§ **Material provided**:
++++++++++++++++++++

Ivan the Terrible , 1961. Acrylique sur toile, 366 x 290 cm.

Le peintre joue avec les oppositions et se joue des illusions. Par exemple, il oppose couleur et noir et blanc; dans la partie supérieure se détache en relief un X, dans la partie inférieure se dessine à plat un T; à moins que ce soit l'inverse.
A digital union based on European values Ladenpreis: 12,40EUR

++++++++++++++++++++

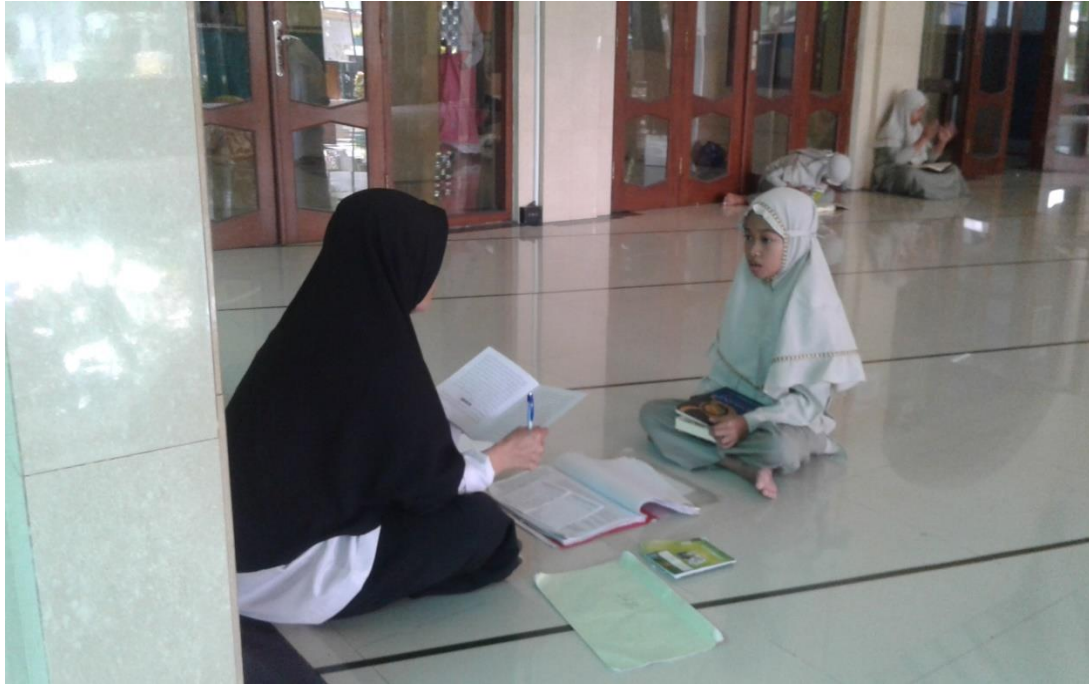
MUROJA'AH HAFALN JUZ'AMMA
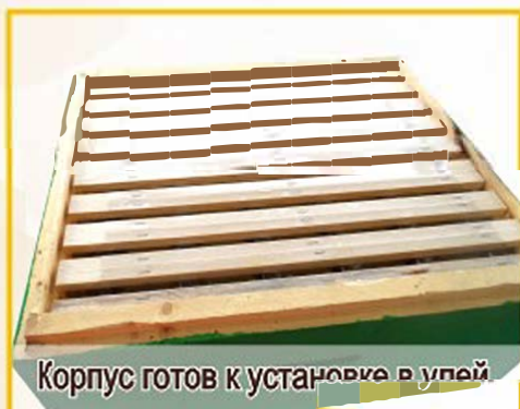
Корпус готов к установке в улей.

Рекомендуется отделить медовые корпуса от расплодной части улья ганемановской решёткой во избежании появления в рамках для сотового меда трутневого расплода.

++++++++++++++++++++

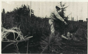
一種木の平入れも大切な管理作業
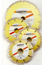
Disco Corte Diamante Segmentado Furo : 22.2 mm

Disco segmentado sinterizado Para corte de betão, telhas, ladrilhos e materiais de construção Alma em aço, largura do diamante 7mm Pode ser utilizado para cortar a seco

++++++++++++++++++++

Reproduce exactly the stretch of the material above that starts at the line with "Ivan the Terrible" and ends at the line with "A digital union", both included, and nothing else.

Ivan the Terrible , 1961. Acrylique sur toile, 366 x 290 cm.

Le peintre joue avec les oppositions et se joue des illusions. Par exemple, il oppose couleur et noir et blanc; dans la partie supérieure se détache en relief un X, dans la partie inférieure se dessine à plat un T; à moins que ce soit l'inverse.
A digital union based on European values Ladenpreis: 12,40EUR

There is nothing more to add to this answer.